The most recent report by the ICJ (July 2025) further
illustrated how these failings, in aggregate, reinforce the perception among
relatives and survivors that Sri Lanka’s
primary objective is managing international reputation-not achieving justice
for victims.
The Impact on Victims’ Families and Communities
Enduring Psychological, Social, and Economic Harms
For Tamil families, the effect of enforced disappearances is
not simply a matter of unresolved grief. The uncertainty surrounding the fate
of a loved one-what has become known as “ambiguous loss”-is uniquely corrosive,
creating ongoing psychological harm, preventing closure, and undermining
community cohesion2016.
Key manifestations:
·
Mental health struggles: chronic anxiety,
depression, PTSD, and somatization.
·
Persistent economic hardship, as the disappeared
were overwhelmingly male breadwinners, leaving women to fill precarious,
low-status jobs.
·
Loss of property: some families sell assets,
properties, or heirlooms to search for their loved ones.
·
Social stigma and isolation, including exclusion
from community events and suspicion from neighbors who fear association will
bring police scrutiny.
·
Religious and cultural trauma: inability to
perform appropriate funeral rites for the missing, which is critical in Tamil
and Sri Lankan religious tradition.
Gendered Impact and Activism
It is predominantly mothers and wives who lead the struggle
for truth and justice, organizing through collectives such as the Association
for the Relatives of Enforced Disappearances (ARED) and braving harassment,
surveillance, and sometimes violence. Many have died during the years of
protest-not from natural attrition but from the compounded stress and trauma
inflicted, without ever receiving an answer regarding the fate of their kin21.

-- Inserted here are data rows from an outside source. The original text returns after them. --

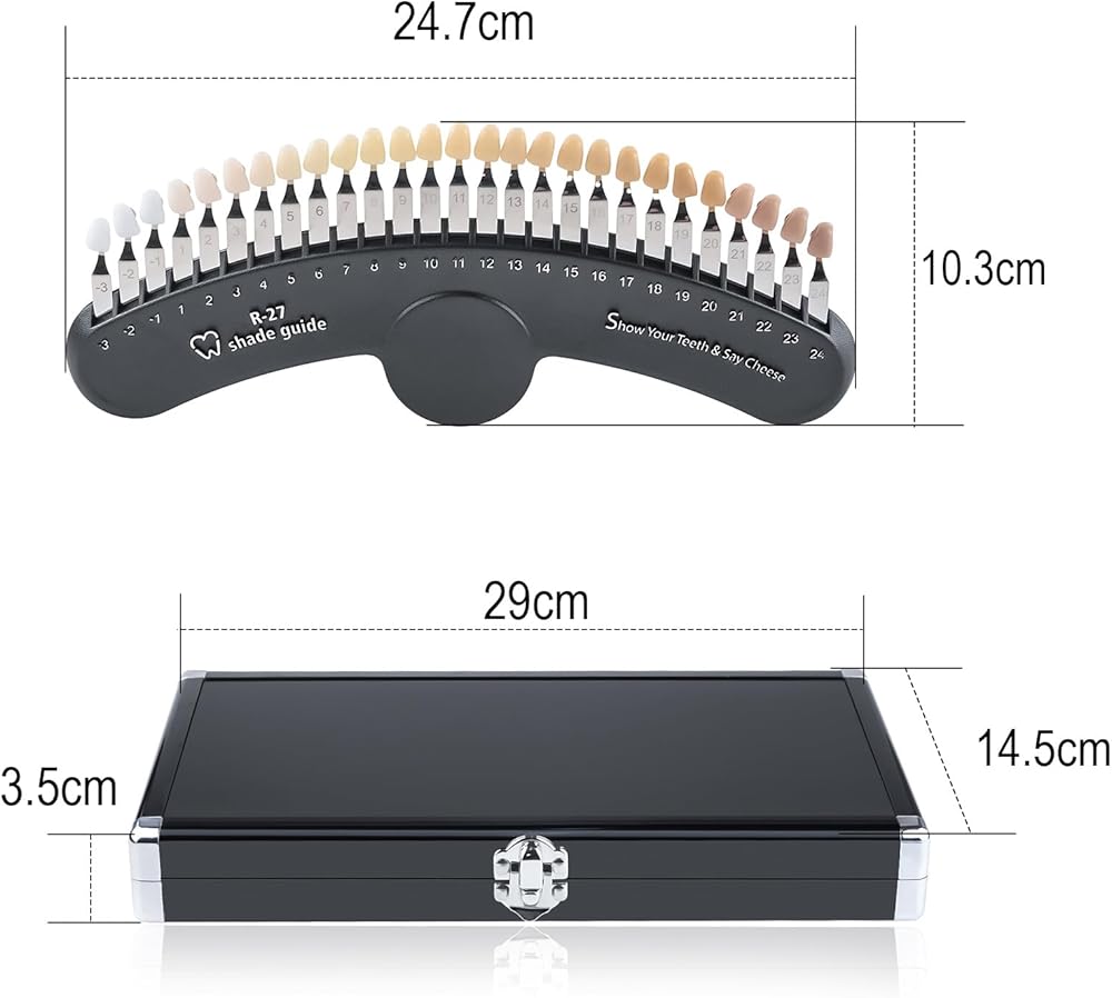 - Use the shade guide, the clear layout makes it easy to record and observe changes in teeth shade. Lightweight design, small size, light and practical.
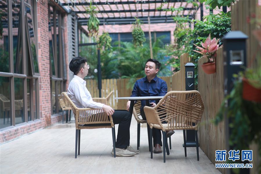 5月18日,陳鴻杰(右)在匯龍臺(tái)港澳青年創(chuàng)新創(chuàng)業(yè)基地與工作人員討論工作。新華社記者盧燁攝
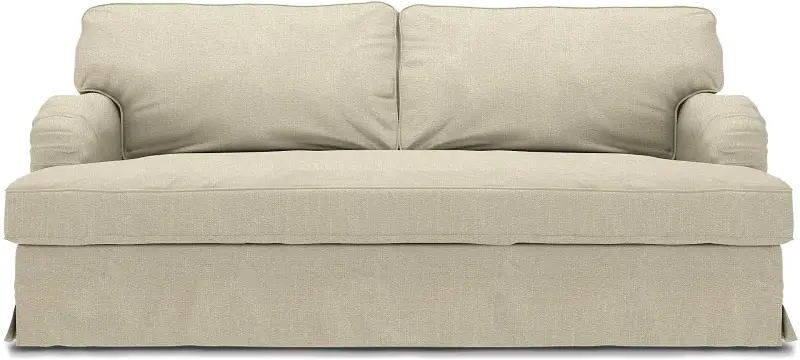 This style includes 4 pieces: 1 frame cover, 1 seat cushion cover / bench cushion cover and 2 backrest covers. It’s designed to only fit the IKEA Stocksund 3 seater sofa. This model features one cover enveloping the backrest, armrests and base frame. The cover is fastened in place along the backrest frame and armrests with velcro and a zip along the back of the sofa. The skirt features petite boxpleats at corners and is designed to skim the floor. Seat cushions are enclosed in a single, oversized seat cushion cover which is softly padded to avoid any creases between the inserts creating a luxe, custom look. Fitting instructions: Rremove the original covers along with the seat and backrest cushions. Drape the cover along the back and over the armrests. Gently pull the cover over the frame. The cover is designed for the perfect neat fit, so adjust both sides of the backrest and armrests simultaneously making sure that the seams are aligned. The base frame cover is secured with velcro along the backrest and armrests. Make sure the seams are aligned along the base frame and that the boxpleat hits the corner of the frame covering the legs. The skirt is designed to skim the floor. When the base frame cover is in place, close the zip on the back of the sofa. Place both seat cushions inside the single bench cushion cover, zip and put in place. The padding is designed to prevent visible creases between the cushion inserts creating the illusion of one oversized seat cushion. Place the backrest cushions inside the backrest cushion cover, zip and put in place.
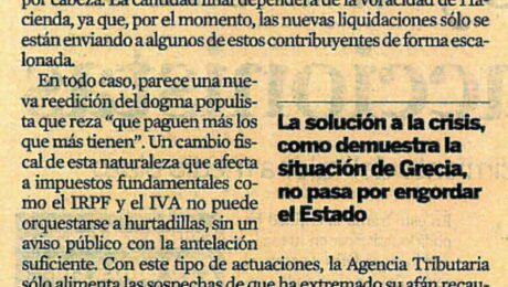 Fuente: Expansion Los apanos del Gobierno para tratar de cuadrar las cuentas publicas se estan multiplicando en las ultimas semanas. Si hace unos dias dabamos cuenta en estas mismas paginas de la intencion del Ministerio de Trabajo de apropiarse de unos 275 millones de euros de las mutuas laborales, ahora es la Agencia Tributaria la
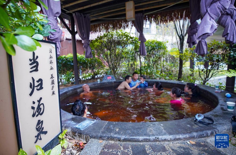 11月25日,游客在貴州省丹寨縣萬達小鎮泡溫泉。
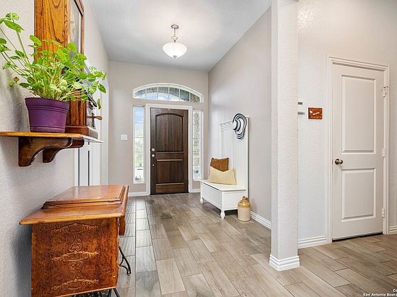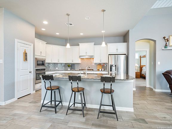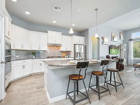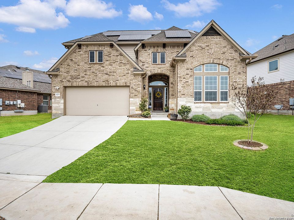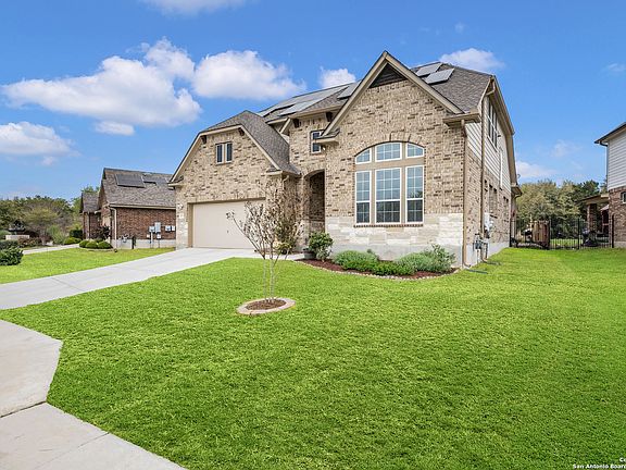 OPEN HOUSE SUNDAY: MARCH 18TH & 19TH 12-5PM. Gorgeous 2-story David Weekley home in Triana. New Roof (2019), SOLAR PANELS/BATTERY (2018/2022). Spacious floor plan, perfect for entertaining! This beautiful home showcases a gourmet kitchen w/ a huge granite island, 42" kitchen cabinets, stainless steel appliances and wrap around granite countertops. This immaculate home features an open concept living room with plank tile flooring, high ceilings and stunning windows with custom wood blinds, bringing in tons of natural light. The downstairs primary suite is a spacious room with a luxurious, spa-like bath with a garden tub and shower, double vanities and an extended walk-in closet. Downstairs also includes a secondary bedroom perfect for guests or a mother-in-law suite with a full shower and a lovely office with French doors for privacy. Upstairs has two additional large bedrooms, a massive game room and media room. Relax on the covered patio with an extended flagstone area great for backyard BBQ's with the privacy of the lush greenbelt. This home is a must see with too many extras to list. Please see addl' docs. The home is close proximity to 1604, Lackland AFB, shopping and Top-rated NISD schools. Schedule a showing today as this home will go quickly!
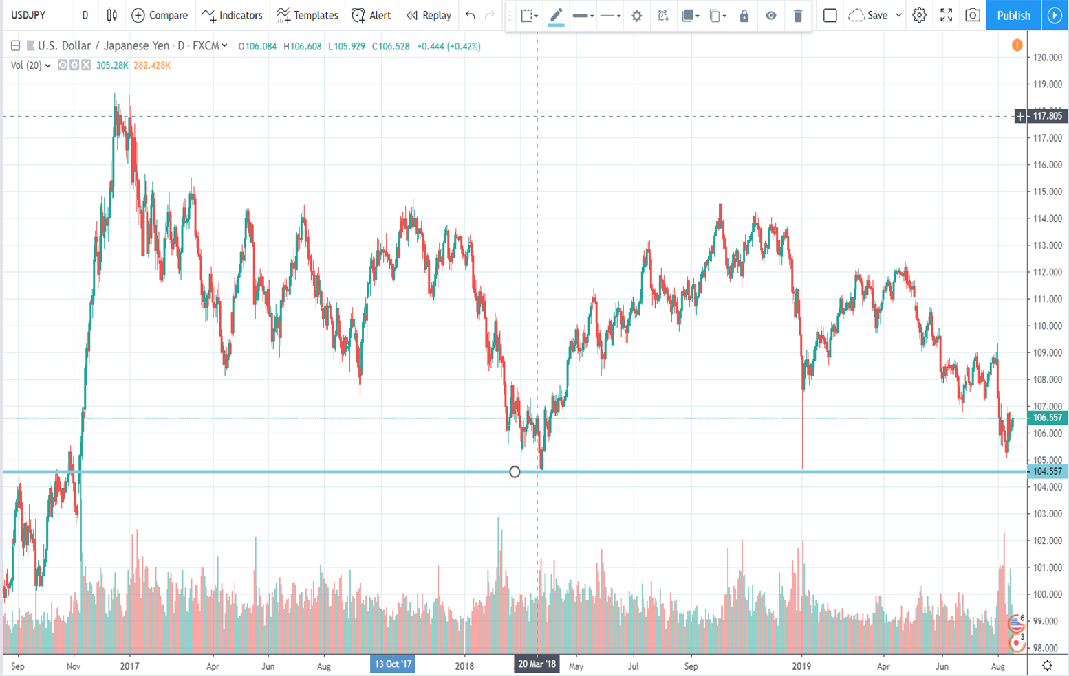 Σήμερα 19/08/2019 έχουμε μια ανοδική κίνηση υπέρ βραχυχρόνιου τύπου στο 106,5.
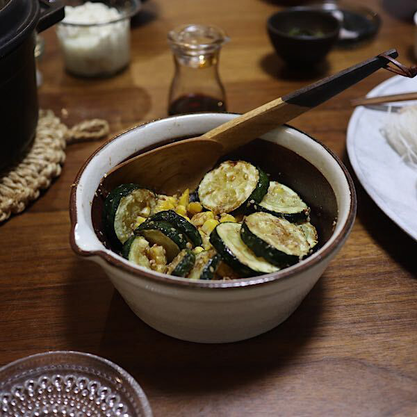 このすり鉢を買ってから、我が家ではすり胡麻は買わず、使う分だけその都度胡麻を摺るようになりました。 この日は、摺った胡麻に茹でたとうもろこしとさっと揚げたズッキーニを和えて、お醤油とお砂糖で味付けをした簡単レシピ。摺りたての胡麻は香ばしくよりおいしくなりますよ。 そのまま食卓に出して出来立てをいただきます!
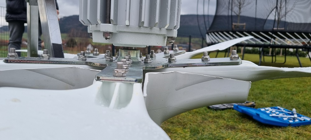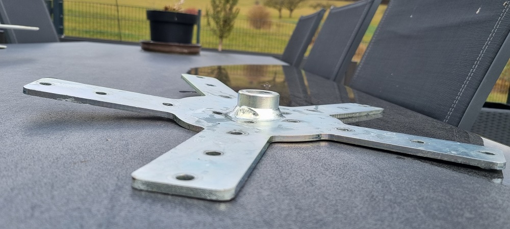 Also habe ich heute den Mast umgelegt - in der Tat, die Bohrungen im Holz waren etwas ausgeschlagen, die Ista hat leicht gewackelt - aber schien mir nicht gravierend. Nun gut, wenn da ordentlich Wind bläst, kann es schon stärker wackeln. Also schnell eine neue Halterung aus Metal geschweißt, montiert - und vor dem Aufstellen des Mastes nochmal kurz die Rotorblätter checken wollen - und siehe da:

Women activists and relatives often face not just
intimidation but explicit threats of sexual violence, compounded by the
militarized security environment in the North and East, and persistent efforts
by authorities to break up memorial events or sit-ins16.
Coercive Silence and Retaliatory Tactics
It is routine for victims’ families to receive threats to surviving children, have
cases fabricated against family members, or face arrest for participating in
peaceful demonstration or memorialization activities. Counter-narcotics
campaigns and spurious criminal cases have become tools for targeted
harassment, alongside night-time delivery of stay orders and punitive
surveillance421.
Economic coercion-such
as offers of compensation in exchange for acceptance of case closure-adds a
layer of moral violence to the experience of bereaved families, particularly
when such offers are accompanied by implicit or explicit warnings not to
“support the movement” for justice42.
Intergenerational Trauma
Children of the disappeared, deprived of recognition,
support, and psychosocial care, are at heightened risk of poverty, interrupted
education, and social exclusion. The broader Tamil community, facing ongoing
land encroachments, militarization, and erasure of history and memorials, lives
with the collective trauma and anger of knowing that their losses are neither
acknowledged nor recognized by the state.
UNHRC Resolutions and OHCHR Sri Lanka
Accountability Project
Given the collapse of domestic avenues for accountability,
victims’ families, human rights groups, and the broader Tamil community have shifted their focus to international
mechanisms.
UNHRC Actions
The Office of the UN High Commissioner for Human Rights
(OHCHR) has played a prominent role since 2012, beginning with multiple Human
Rights Council resolutions mandating collection and preservation of evidence in
anticipation of future accountability processes. Two key moments include:
·
Resolution
30/1 (2015): Initially co-sponsored by Sri Lanka, committing to justice,
reconciliation, and international participation in transitional justice
mechanisms. The government has since formally withdrawn support.
·
Resolution
46/1 (2021) and 51/1 (2022): Further strengthened OHCHR's evidence
collection mandate, culminating in the formal creation of the Sri Lanka
Accountability Project (OSLap) to preserve and analyze evidence, support
foreign prosecutions where possible, and maintain ongoing monitoring1722.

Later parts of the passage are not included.